Prompt:
In the listing below, repeat exactly every line from the first through the line containing "هل تتحول ليدي غاغا إلى رجل؟!", with nothing else.

Material provided section start

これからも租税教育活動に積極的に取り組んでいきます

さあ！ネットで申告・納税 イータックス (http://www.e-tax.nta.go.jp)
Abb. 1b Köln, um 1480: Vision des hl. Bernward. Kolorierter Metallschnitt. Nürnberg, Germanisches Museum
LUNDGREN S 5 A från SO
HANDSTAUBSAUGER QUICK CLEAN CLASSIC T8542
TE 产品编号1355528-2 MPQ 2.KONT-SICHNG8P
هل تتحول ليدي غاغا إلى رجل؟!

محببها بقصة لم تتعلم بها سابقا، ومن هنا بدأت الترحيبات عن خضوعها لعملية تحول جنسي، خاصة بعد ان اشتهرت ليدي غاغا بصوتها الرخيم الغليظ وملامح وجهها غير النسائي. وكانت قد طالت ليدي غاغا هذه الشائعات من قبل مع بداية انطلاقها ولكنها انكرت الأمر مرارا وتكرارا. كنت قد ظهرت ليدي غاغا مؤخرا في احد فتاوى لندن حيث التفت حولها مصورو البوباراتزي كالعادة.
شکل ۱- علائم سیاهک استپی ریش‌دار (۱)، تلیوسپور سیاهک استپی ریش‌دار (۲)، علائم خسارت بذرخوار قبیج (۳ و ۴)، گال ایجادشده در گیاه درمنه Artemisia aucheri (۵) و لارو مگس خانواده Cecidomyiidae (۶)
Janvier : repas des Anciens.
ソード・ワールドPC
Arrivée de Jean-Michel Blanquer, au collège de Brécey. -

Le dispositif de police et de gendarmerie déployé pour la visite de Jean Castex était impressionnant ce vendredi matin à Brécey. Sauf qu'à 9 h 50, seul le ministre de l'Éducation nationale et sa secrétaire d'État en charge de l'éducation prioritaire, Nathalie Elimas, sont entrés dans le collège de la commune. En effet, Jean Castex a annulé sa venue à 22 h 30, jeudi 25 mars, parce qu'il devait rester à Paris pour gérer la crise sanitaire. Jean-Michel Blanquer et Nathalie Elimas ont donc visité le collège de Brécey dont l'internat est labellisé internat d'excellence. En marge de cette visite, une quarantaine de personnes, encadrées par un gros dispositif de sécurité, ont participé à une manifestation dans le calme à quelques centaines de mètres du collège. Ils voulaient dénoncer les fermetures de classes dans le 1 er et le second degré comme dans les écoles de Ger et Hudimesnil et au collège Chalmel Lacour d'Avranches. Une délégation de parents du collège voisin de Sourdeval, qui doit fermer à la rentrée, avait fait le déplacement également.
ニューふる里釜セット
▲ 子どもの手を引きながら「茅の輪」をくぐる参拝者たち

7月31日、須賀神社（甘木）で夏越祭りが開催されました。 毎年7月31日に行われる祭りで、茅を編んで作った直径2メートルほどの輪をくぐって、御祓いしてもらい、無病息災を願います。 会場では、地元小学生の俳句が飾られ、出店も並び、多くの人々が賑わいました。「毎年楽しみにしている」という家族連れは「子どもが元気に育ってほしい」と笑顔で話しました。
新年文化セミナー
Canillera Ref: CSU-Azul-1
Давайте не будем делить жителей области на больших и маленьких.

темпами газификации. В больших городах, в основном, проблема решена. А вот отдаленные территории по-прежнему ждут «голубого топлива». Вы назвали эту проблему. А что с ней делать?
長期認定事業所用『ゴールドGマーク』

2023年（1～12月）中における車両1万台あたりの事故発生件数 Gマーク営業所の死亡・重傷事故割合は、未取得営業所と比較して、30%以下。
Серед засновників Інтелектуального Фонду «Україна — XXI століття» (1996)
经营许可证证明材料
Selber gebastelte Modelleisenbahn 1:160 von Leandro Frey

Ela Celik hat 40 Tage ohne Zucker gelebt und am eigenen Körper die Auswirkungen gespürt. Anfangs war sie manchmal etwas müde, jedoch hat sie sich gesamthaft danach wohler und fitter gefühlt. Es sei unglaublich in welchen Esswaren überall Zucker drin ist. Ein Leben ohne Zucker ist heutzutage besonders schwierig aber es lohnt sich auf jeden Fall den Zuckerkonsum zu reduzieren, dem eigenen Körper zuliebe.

Material provided section end

Answer to this task:
これからも租税教育活動に積極的に取り組んでいきます

さあ！ネットで申告・納税 イータックス (http://www.e-tax.nta.go.jp)
Abb. 1b Köln, um 1480: Vision des hl. Bernward. Kolorierter Metallschnitt. Nürnberg, Germanisches Museum
LUNDGREN S 5 A från SO
HANDSTAUBSAUGER QUICK CLEAN CLASSIC T8542
TE 产品编号1355528-2 MPQ 2.KONT-SICHNG8P
هل تتحول ليدي غاغا إلى رجل؟!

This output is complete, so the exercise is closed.